Thursday, September 01, 2016

This is examining a religion's potential in democracies. We are used to examining democracy's potential under the different religions.

"...[C]onsidering religions in a purely human point of view, my object is to inquire by what means they may most easily retain their sway in the democratic ages upon which we are entering...[A]t times of general cultivation and equality, the human mind does not consent to adopt dogmatical opinions without reluctance, and feels their necessity acutely in spiritual matters only....[A]t such times religions ought, more cautiously than at any other, to confine themselves within their own precincts; for in seeking to extend their power beyond religious matters, they incur a risk of not being believed at all.

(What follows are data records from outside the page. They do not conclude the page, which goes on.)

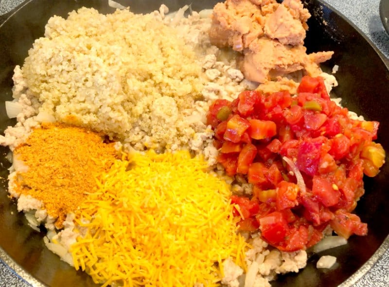 Next, add the refried beans, taco seasoning, half the cheese, diced tomatoes and a cup of cooked quinoa. Stir until well combined and heated through.
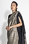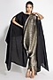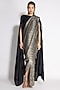Featuring a gold saree in pleated metallic and silk base with a built in petticoat. It is paired with a contrasting black cape. Accentuate it with statement jewellery and heels for a cocktail, sangeet or engagement ceremonies.
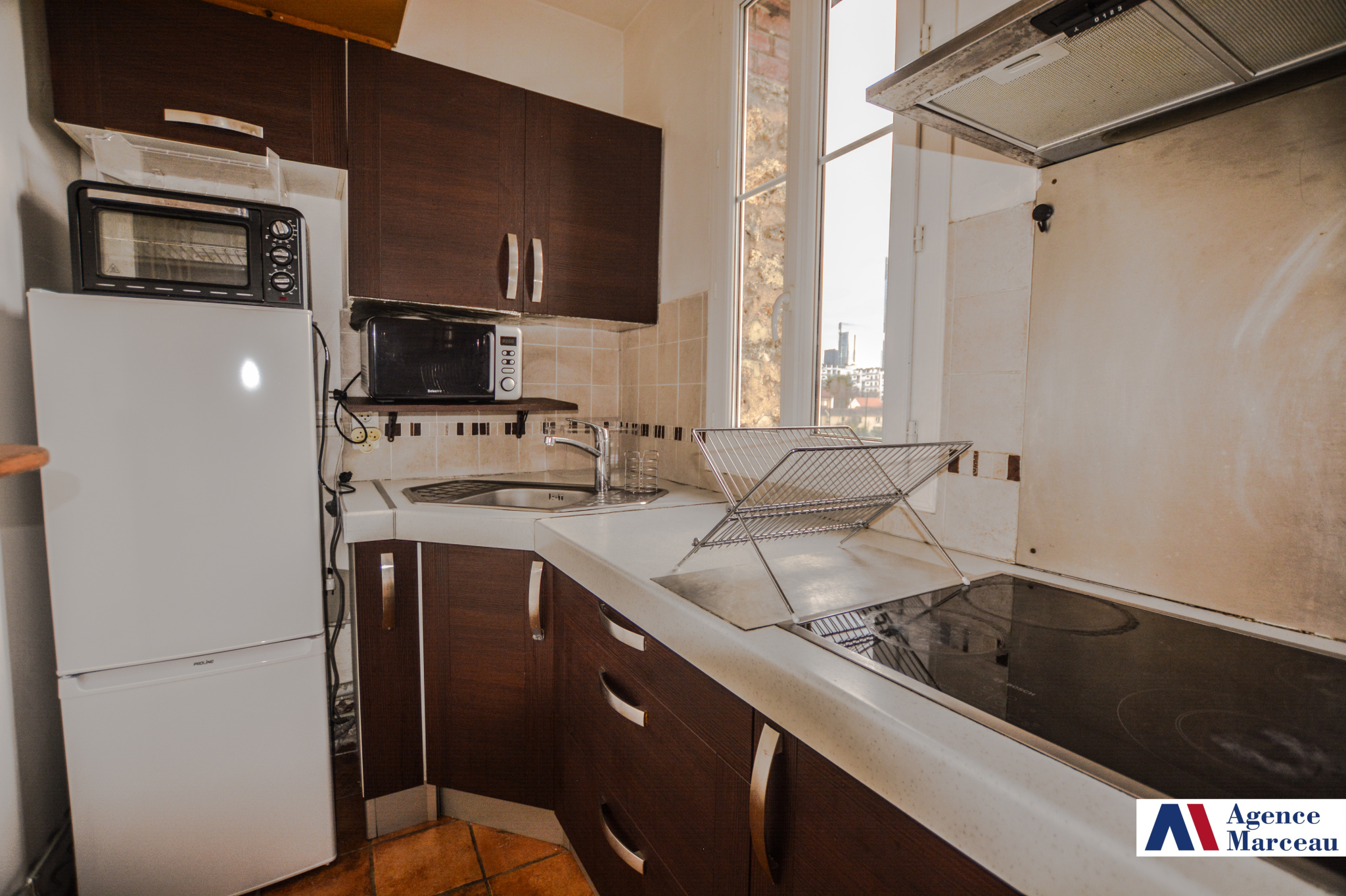 Courbevoie - Marceau. A proximité des transports et au 3ème étage sans ascenseur d'un immeuble ancien 2 pièces traversant de 33,57m², offrant entrée, séjour, cuisine ouverte équipée, une chambre, une salle de douches/buanderie, wc séparés. Une cave en sous-sol. Proche toute commodité. Copropriété de 15 lots principaux . Charges annuelles: 1400 euros environ (eau froide incluse). Taxe foncière: 382 euros environ.
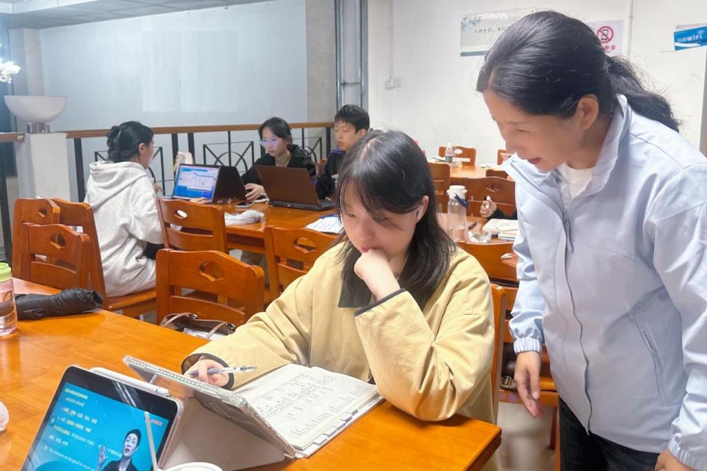 随后,王萍副校长前往图书馆。在阅览室,她轻步绕行查看,见同学们正专注研读,便轻声与在场学生交流,了解专业学习规划与图书馆资源使用情况,对同学们勤学的精神风貌给予肯定。在校园监控室,她叮嘱工作人员要强化责任意识,紧盯关键时段和重点区域,确保校园安全防控无死角,为师生营造安心的学习生活环境。
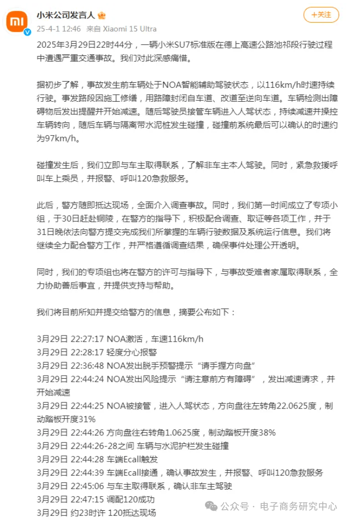 2. 透明化处理:小米表示已向警方提交车辆数据,并将持续跟进调查进展。
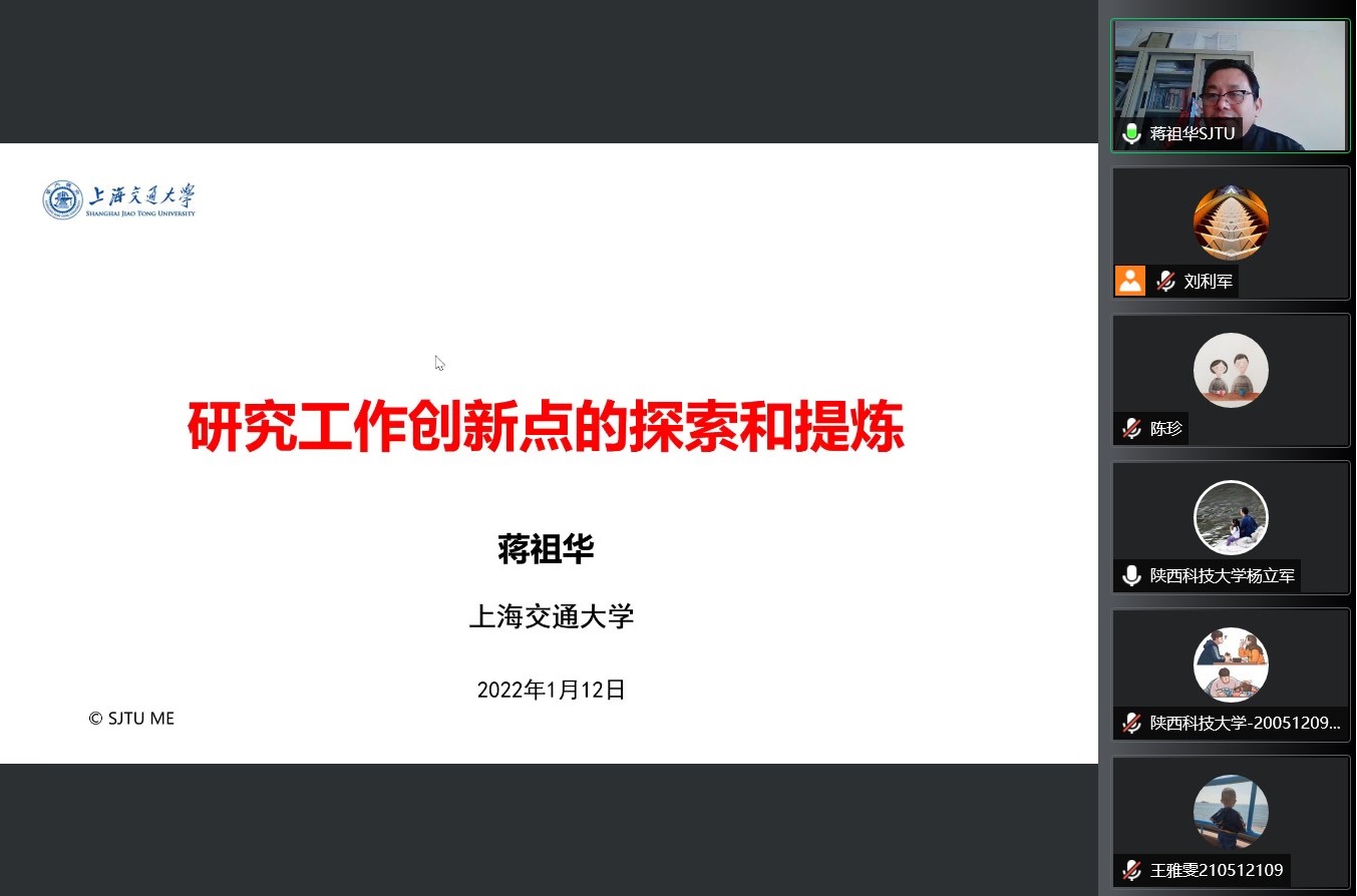1月12日上午,應我校機電工程學院邀請,上海交通大學蔣祖華教授做客我?!扒把乜茖W報告”,作了題為“研究工作創(chuàng)新點的探索和提煉”的線上學術報告。機電工程學院教師及研究生230余人參加了此次報告會,報告會由副院長楊立軍主持。

The circle within which they seek to bound the human intellect ought therefore to be carefully traced, and beyond its verge the mind should be left in entire freedom to its own guidance. Mahommed professed to derive from Heaven, and he has inserted in the Koran, not only a body of religious doctrines, but political maxims, civil and criminal laws, and theories of science. The gospel, on the contrary, only speaks of the general relations of men to God and to each other--beyond which it inculcates and imposes no point of faith. This alone, besides a thousand other reasons, would suffice to prove that the former of these religions [i.e. Islam] will never long predominate in a cultivated and democratic age, whilst the latter [Christianity] is destined to retain its sway at these as at all other periods. 
                               -Democracy in America, Alexis de Tocqueville 533 (1835).

I get it now with that perspective. You can have Muslim democrats in democracies, like in America; you are unlikely to have democracies in Muslim countries.